Why Every Client Should Adopt the AWS Well-Architected Framework for Cloud Architecture

The secret sauce behind resilient, high‑performance cloud builds.

Many businesses are moving to AWS for its flexibility, speed, and cost benefits. But with so many options, it’s easy to feel overwhelmed or miss important details.

That’s where the AWS Well-Architected Framework (WAFR) helps. It gives a clear set of best practices to build secure, reliable, and cost-effective systems. We use it to help our clients build smarter, not just bigger.

Before vs After: Why the Well-Architected Framework (WAFR) Mattered

Let’s imagine you run a fast-growing SaaS startup called FBasket, a grocery delivery platform operating across India.

Your dev team is pushing features fast, and your AWS bill just hit 35,000 $ last month. Suddenly, your CTO is being grilled in a board meeting:

  • "Why are we spending so much?"

  • "Are we secure enough to onboard enterprise clients?"

  • "What’s our backup plan if the Mumbai region goes down?"

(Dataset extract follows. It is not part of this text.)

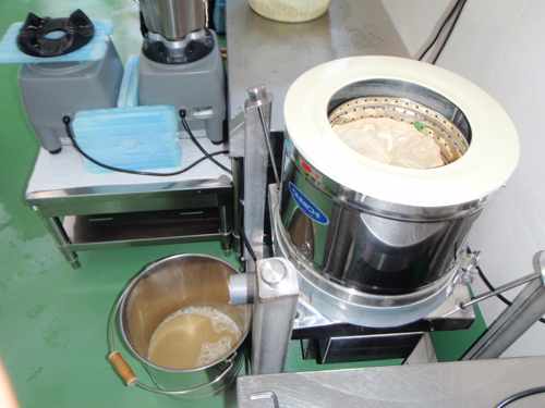 木綿豆腐づくりに使用する布よりもやや木目の細かい布を使用して、しょうがの繊維と汁を分離します。

You realize your cloud infrastructure is a bit like a messy kitchen: everything works, but no one knows where the ingredients are, some appliances are always on (even when unused), and you're winging it every night.

When the Reality Hits Hard, when it was we audited the problems with the Current Architecture

Problem

Real-World Analogy

What It Looked Like

No clear tagging policy

Sticky notes are missing on food jars

Developers couldn't tell who launched which EC2 instance, leading to orphaned resources

IAM roles are overly permissive

Everyone has keys to the safe

Interns had access to production S3 buckets (Scary)

NO cost governance

Grocery bills piling up

Idle RDS, underutilized EC2s, and high data transfer charges (backbone of humongous bills)

NO resilience (HA) plan

One kitchen, no backup stove

If Mumbai went down, so did your whole app (Humpty Dumpty had a great fall)

Still manually provisioning

Chopping veggies every night from scratch

Every infra change was made manually, leading to errors and no audit trail. (Worrysome)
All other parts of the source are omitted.